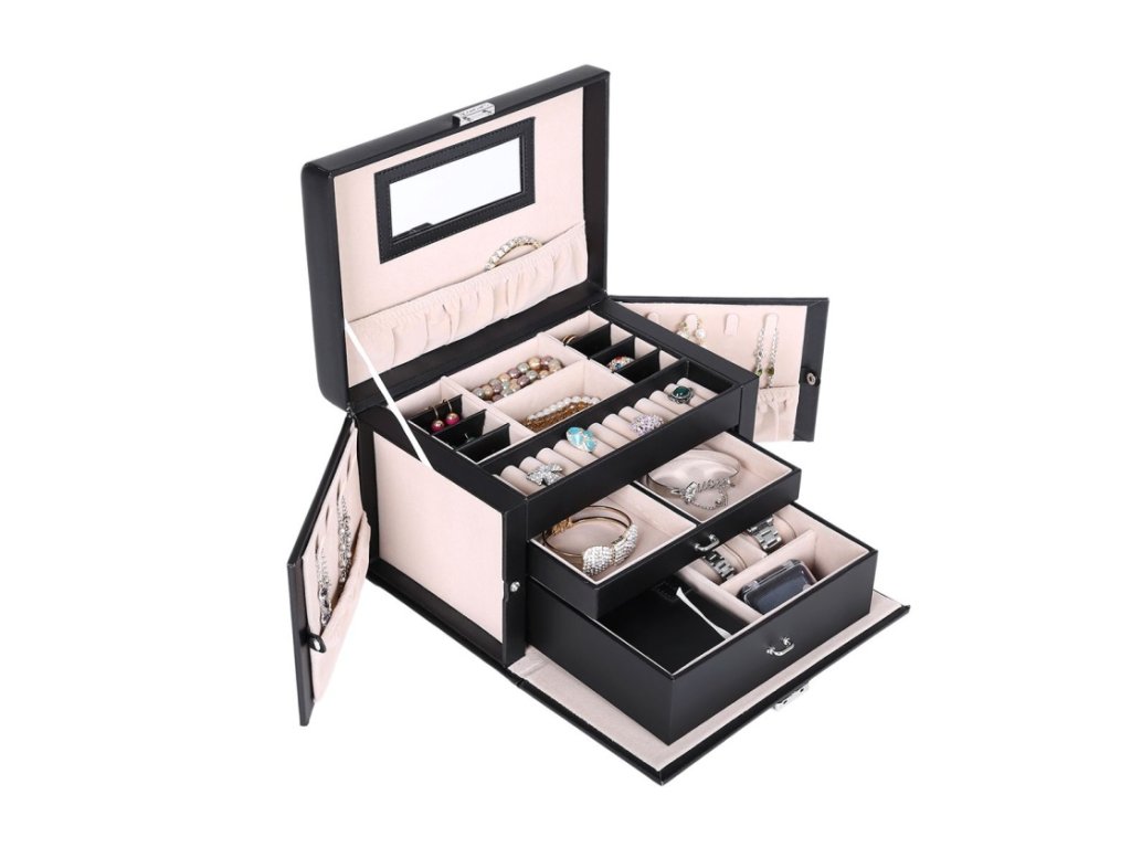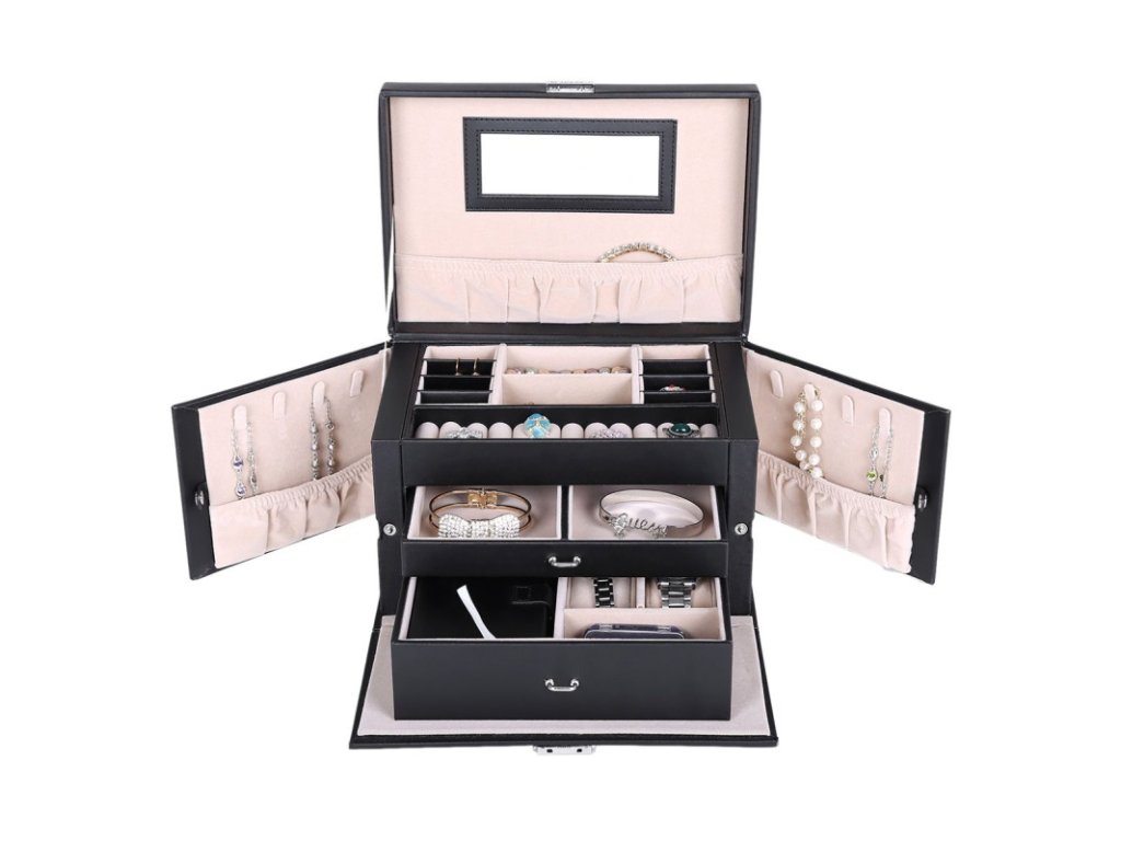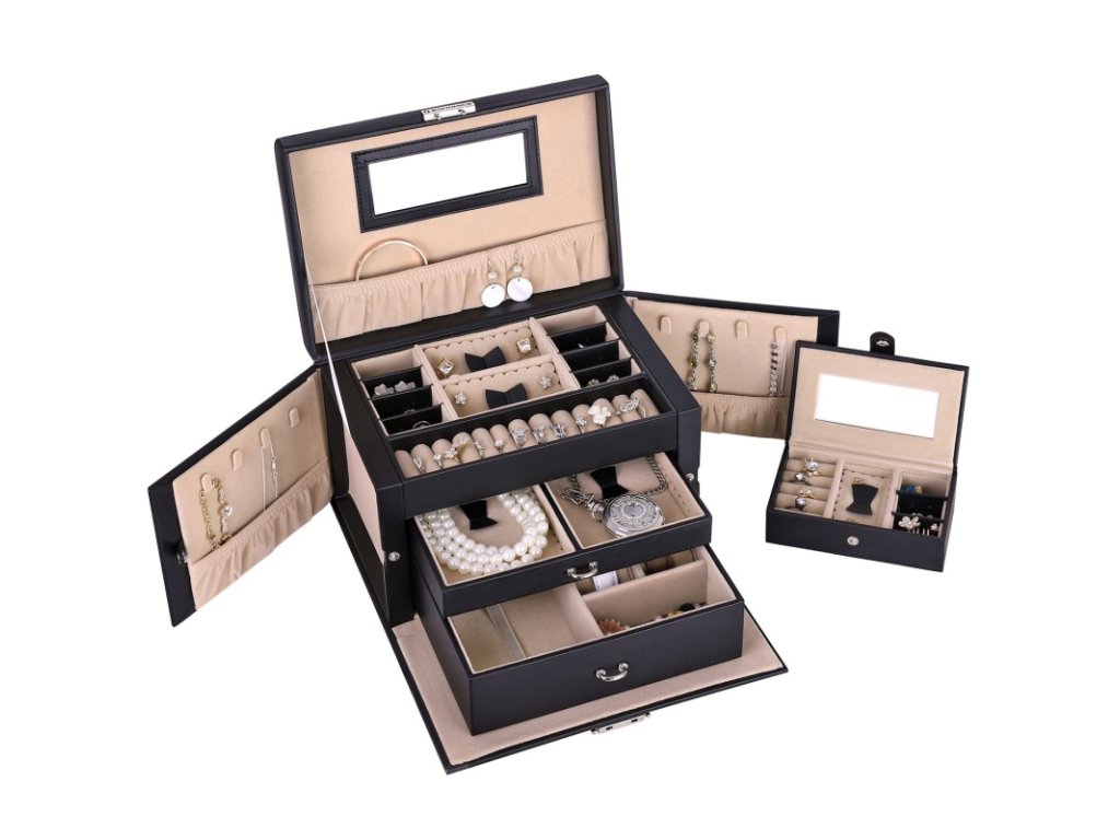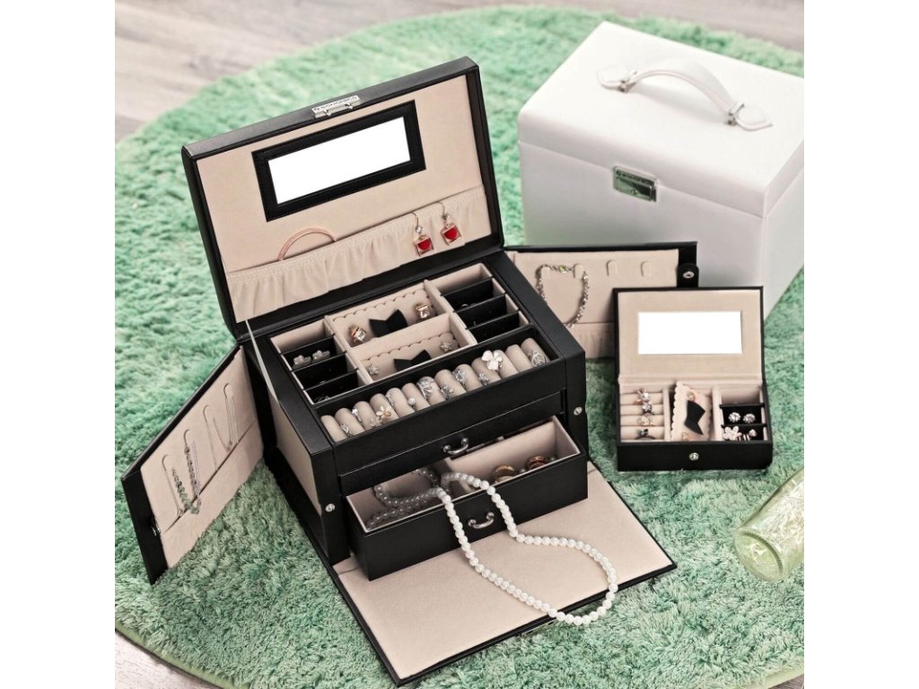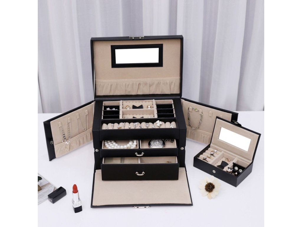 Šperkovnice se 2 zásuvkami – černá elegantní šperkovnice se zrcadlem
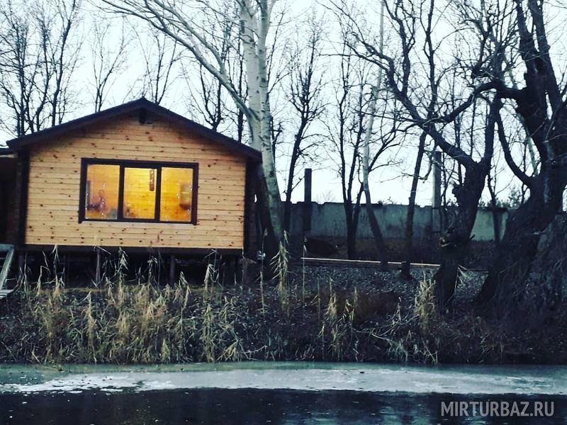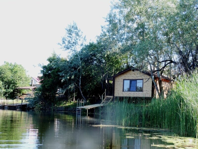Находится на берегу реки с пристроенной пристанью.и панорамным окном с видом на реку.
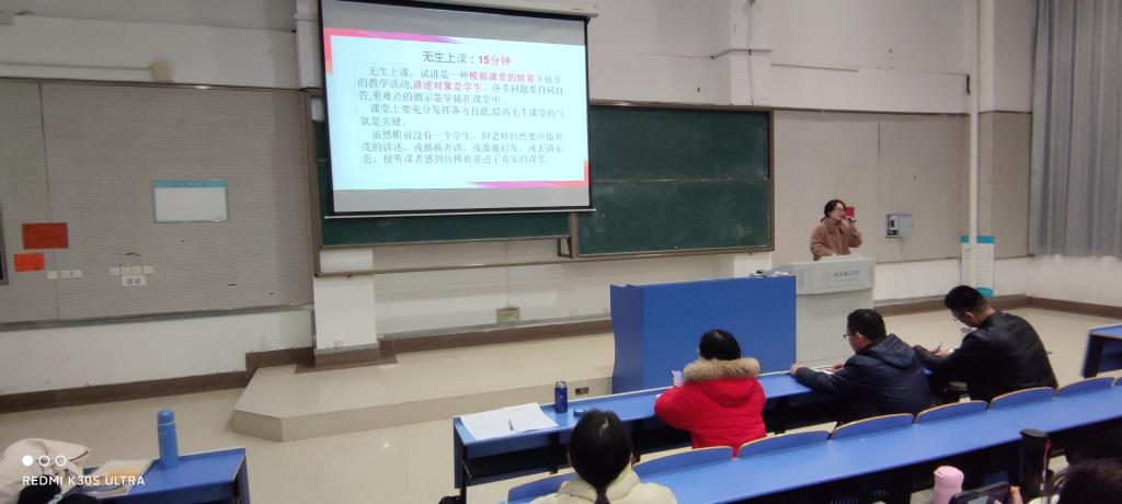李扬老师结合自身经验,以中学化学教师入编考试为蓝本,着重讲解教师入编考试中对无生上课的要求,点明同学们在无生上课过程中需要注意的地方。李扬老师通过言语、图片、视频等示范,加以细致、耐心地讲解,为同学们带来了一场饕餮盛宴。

- _What the task requires_: Would you reproduce the lines from the one with "Находится на берегу" through the final line of the data above, exactly and only those, without any pictures?

- _Response box_:
Находится на берегу реки с пристроенной пристанью.и панорамным окном с видом на реку.
李扬老师结合自身经验,以中学化学教师入编考试为蓝本,着重讲解教师入编考试中对无生上课的要求,点明同学们在无生上课过程中需要注意的地方。李扬老师通过言语、图片、视频等示范,加以细致、耐心地讲解,为同学们带来了一场饕餮盛宴。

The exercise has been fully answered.